▶ **Work instruction**
Although the records contain pictures, none belong in the copy: restate word for word only the lines from the one with "Местоположение 1: нажмите" through the one with "ふわふわ生地のパンとオレンジ", both included.

(Dataset entries)
★ ★ ★ ★ ★ ★ ★

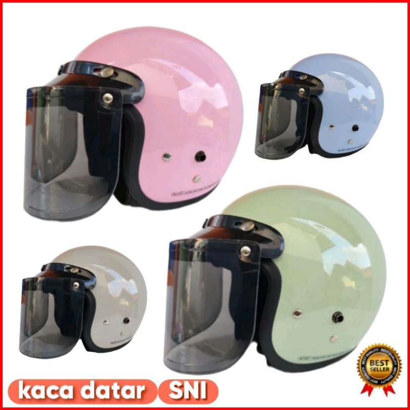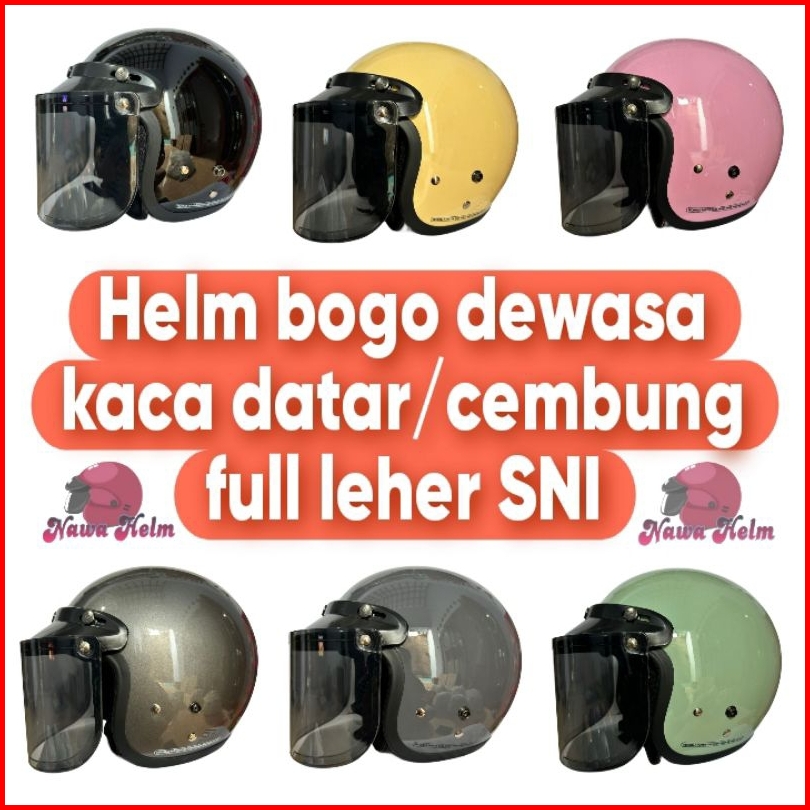 Helm Dewasa Remaja Bogo Retro Sni Premium Kaca Datar Full Leher Pria Dan Wanita
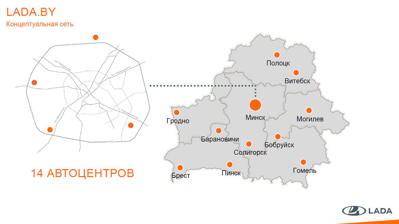 Сеть также планирует увеличить присутствие в регионах: в дополнение к уже существующим автоцентрам в областных городах, Бобруйске, Солигорске, Пинске и Полоцке, автоцентр российского бренда скоро появится в Барановичах. Это будет один из крупнейших автосалонов сети Lada.by, оснащенный в соответствии с корпоративными стандартами.
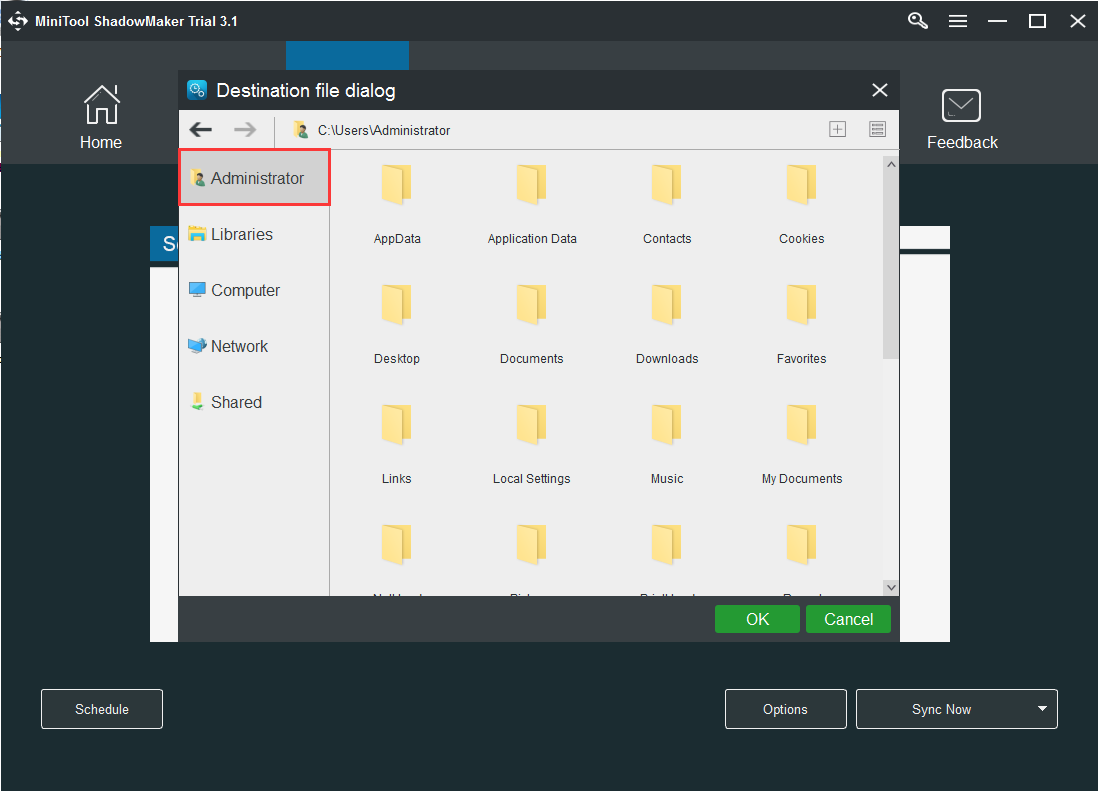 Местоположение 1: нажмите Администратор и выберите из нее папку в качестве места назначения. Затем нажмите Хорошо подтвердить.
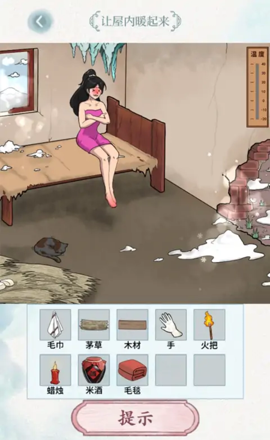 2、在那间破旧的屋子里,此刻女主角正冻得瑟瑟发抖,你打算怎样借助这些道具来帮她取暖呢?
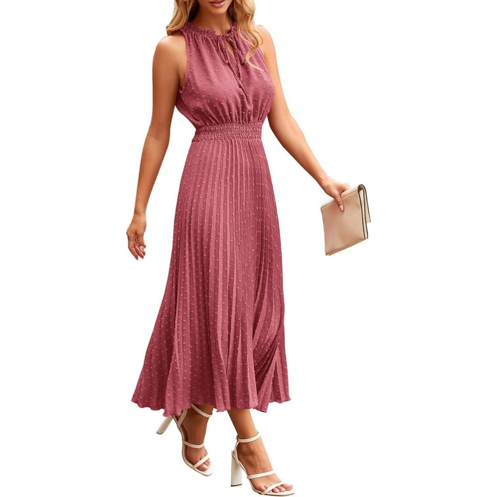 PRETTYGARDEN Women’s Midi Summer Dresses Casual V Neck Swiss Dot Ruffle Sleeveless A Line Beach Sun Dress(Bean Paste Red)
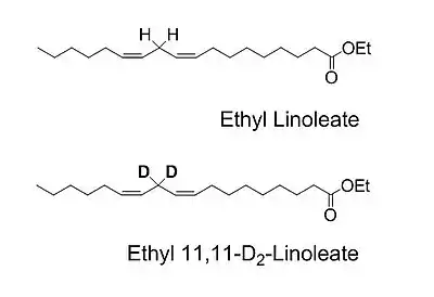 The company Retrotope pioneered the development a source of deuterated omega-6 fatty acid di-deuterated linoleic acid ethyl ester (RT001) as a food additive for potential treatment of neurodegenerative diseases such as Friedreich’s ataxia and infantile neuroaxonal dystrophy. FDA has granted it an orphan drug designation and it passed the Phase I/II clinical trials (as of 2018).[8]
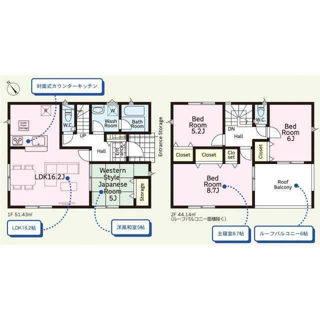 号棟番号:3号棟 2条区域 土地面積に協定通路部分(路地状部分)約60.25平米含 建物面積に別途ルーフバルコニー約9.72平米有 カースペース2台(車種による) |
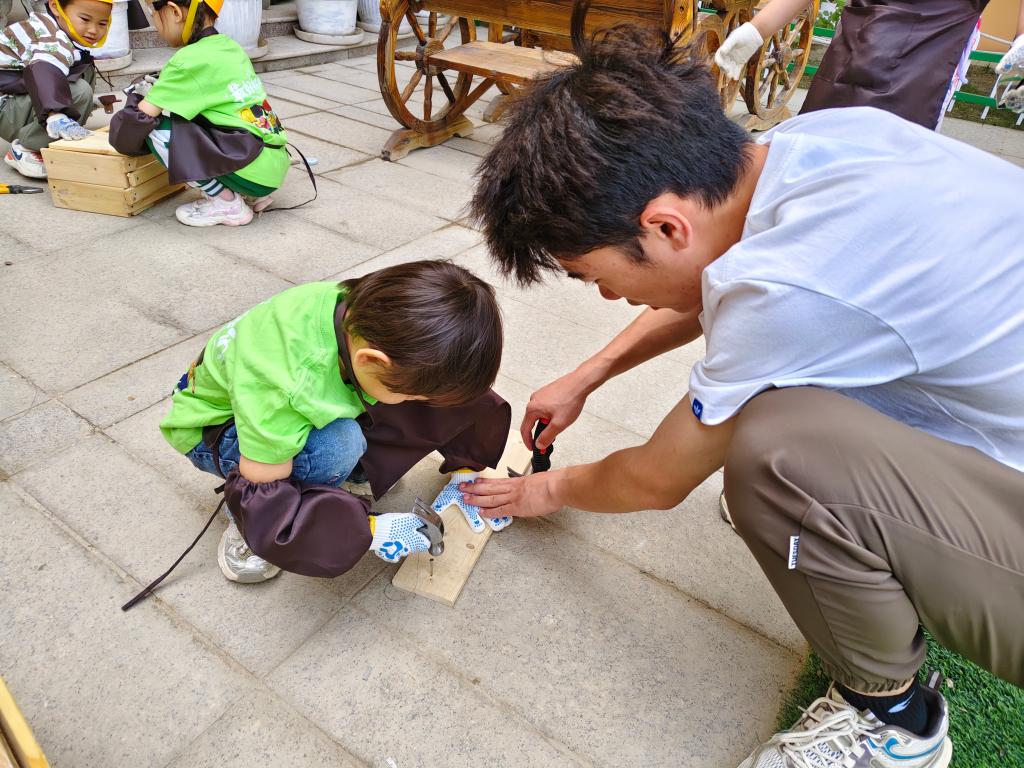 在幼儿园,学生们深度参与了特色区角活动,如花园探索、小木工实践、民族服饰制作等。这些活动既展现了学生的创新思维,也体现了幼儿园教师专业化的教学引导能力。通过观察与实践,学生们掌握了如何结合幼儿年龄特点设计活动,并巧妙融入教育目标,促进儿童认知与身心协调发展。
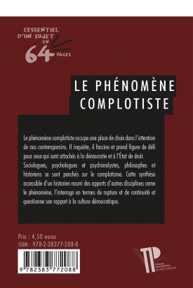 Le phénomène complotiste occupe une place de choix dans l’attention de nos contemporains. Il inquiète, il fascine et prend figure de défi pour ceux qui sont attachés à la démocratie et à l’État de droit. Sociologues, psychologues et psychanalystes, philosophes et historiens se sont penchés sur le complotisme. Cette synthèse accessible d’un historien nourri des apports d’autres disciplines cerne le phénomène, l’interroge en termes de rupture et de continuité et questionne son rapport à la culture démocratique.
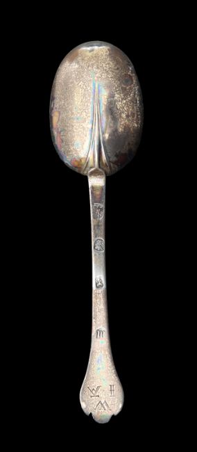 Condition: The maker's mark is rubbed and illegible. Heavily tarnished. Dents to the bowl commensurate with age.
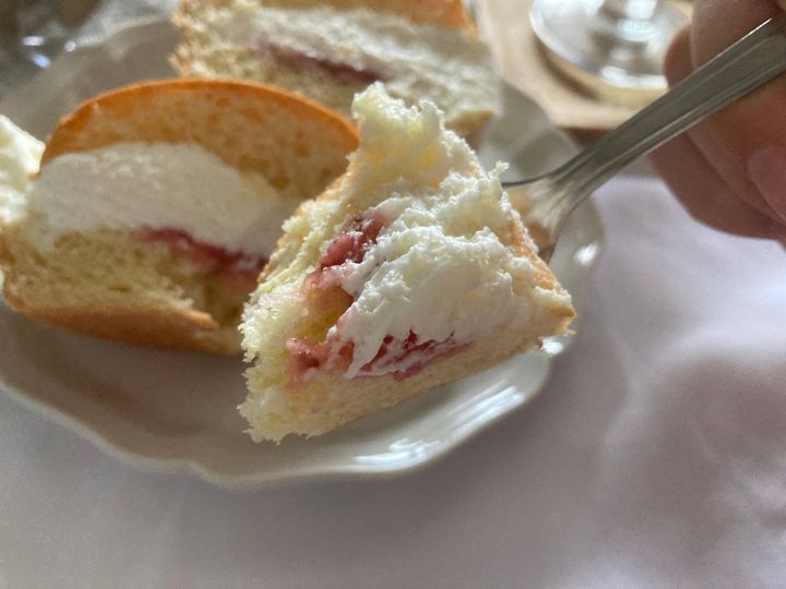 ふわふわ生地のパンとオレンジ風味のたっぷりの生クリームとベリーソースが最高のバランスで、とっても美味しいマリトッツオでした。
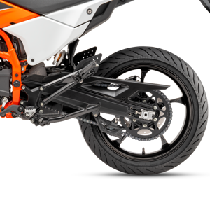 A gravity die-cast swingarm has been specifically developed for the KTM 125 SMC R, and provides a sturdy and durable platform for the rear suspension system. Featuring a direct shock absorber mount offset to the side, it creates additional space for the unique exhaust system.
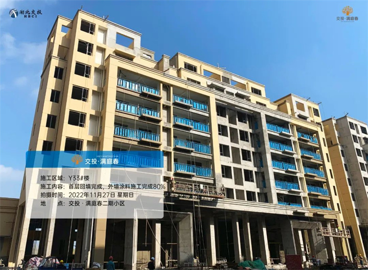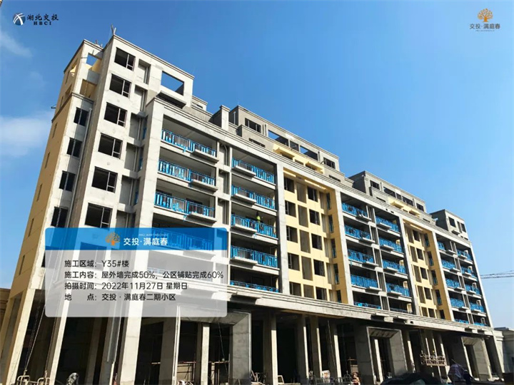 Y35#楼屋外墙施工完成50%,公区铺贴完成60%;
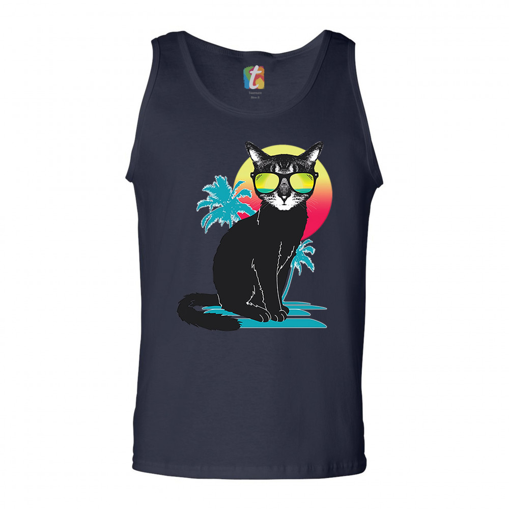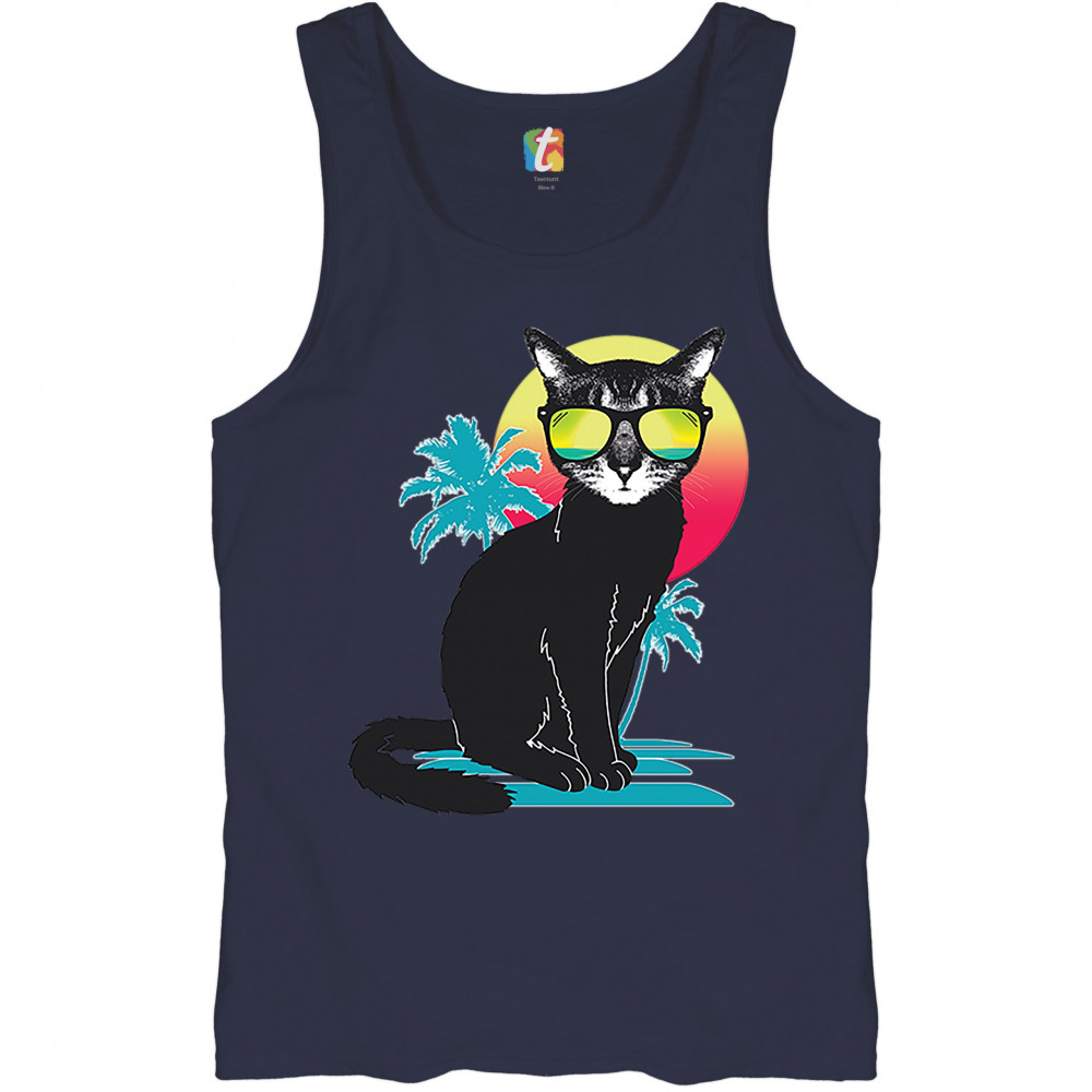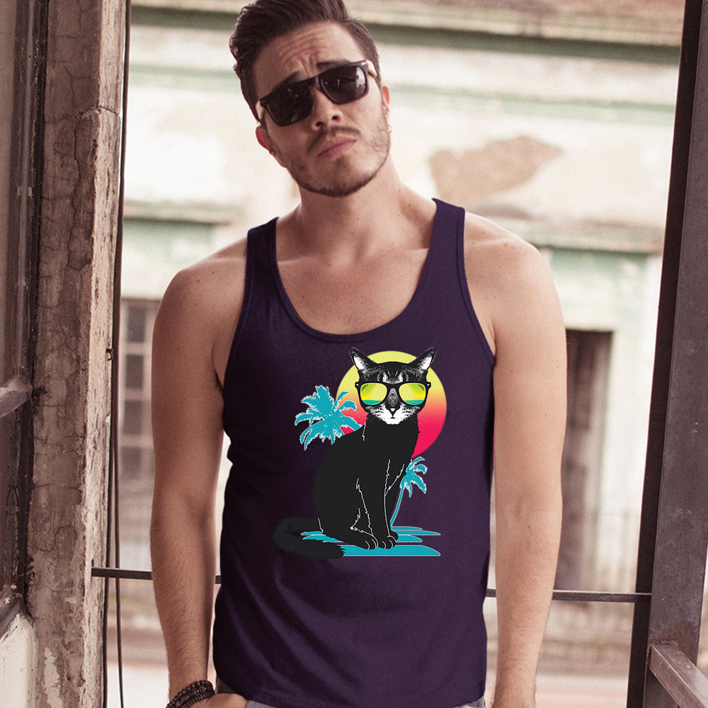 COOL SUMMER CAT tank top neon kitty on a beach animal lovers men's top navy blue

★ ★ ★ ★ ★ ★ ★

▶ **Reply to the exercise**
 Местоположение 1: нажмите Администратор и выберите из нее папку в качестве места назначения. Затем нажмите Хорошо подтвердить.
 2、在那间破旧的屋子里,此刻女主角正冻得瑟瑟发抖,你打算怎样借助这些道具来帮她取暖呢?
 PRETTYGARDEN Women’s Midi Summer Dresses Casual V Neck Swiss Dot Ruffle Sleeveless A Line Beach Sun Dress(Bean Paste Red)
 The company Retrotope pioneered the development a source of deuterated omega-6 fatty acid di-deuterated linoleic acid ethyl ester (RT001) as a food additive for potential treatment of neurodegenerative diseases such as Friedreich’s ataxia and infantile neuroaxonal dystrophy. FDA has granted it an orphan drug designation and it passed the Phase I/II clinical trials (as of 2018).[8]
 号棟番号:3号棟 2条区域 土地面積に協定通路部分(路地状部分)約60.25平米含 建物面積に別途ルーフバルコニー約9.72平米有 カースペース2台(車種による) |
 在幼儿园,学生们深度参与了特色区角活动,如花园探索、小木工实践、民族服饰制作等。这些活动既展现了学生的创新思维,也体现了幼儿园教师专业化的教学引导能力。通过观察与实践,学生们掌握了如何结合幼儿年龄特点设计活动,并巧妙融入教育目标,促进儿童认知与身心协调发展。
 Le phénomène complotiste occupe une place de choix dans l’attention de nos contemporains. Il inquiète, il fascine et prend figure de défi pour ceux qui sont attachés à la démocratie et à l’État de droit. Sociologues, psychologues et psychanalystes, philosophes et historiens se sont penchés sur le complotisme. Cette synthèse accessible d’un historien nourri des apports d’autres disciplines cerne le phénomène, l’interroge en termes de rupture et de continuité et questionne son rapport à la culture démocratique.
 Condition: The maker's mark is rubbed and illegible. Heavily tarnished. Dents to the bowl commensurate with age.
 ふわふわ生地のパンとオレンジ風味のたっぷりの生クリームとベリーソースが最高のバランスで、とっても美味しいマリトッツオでした。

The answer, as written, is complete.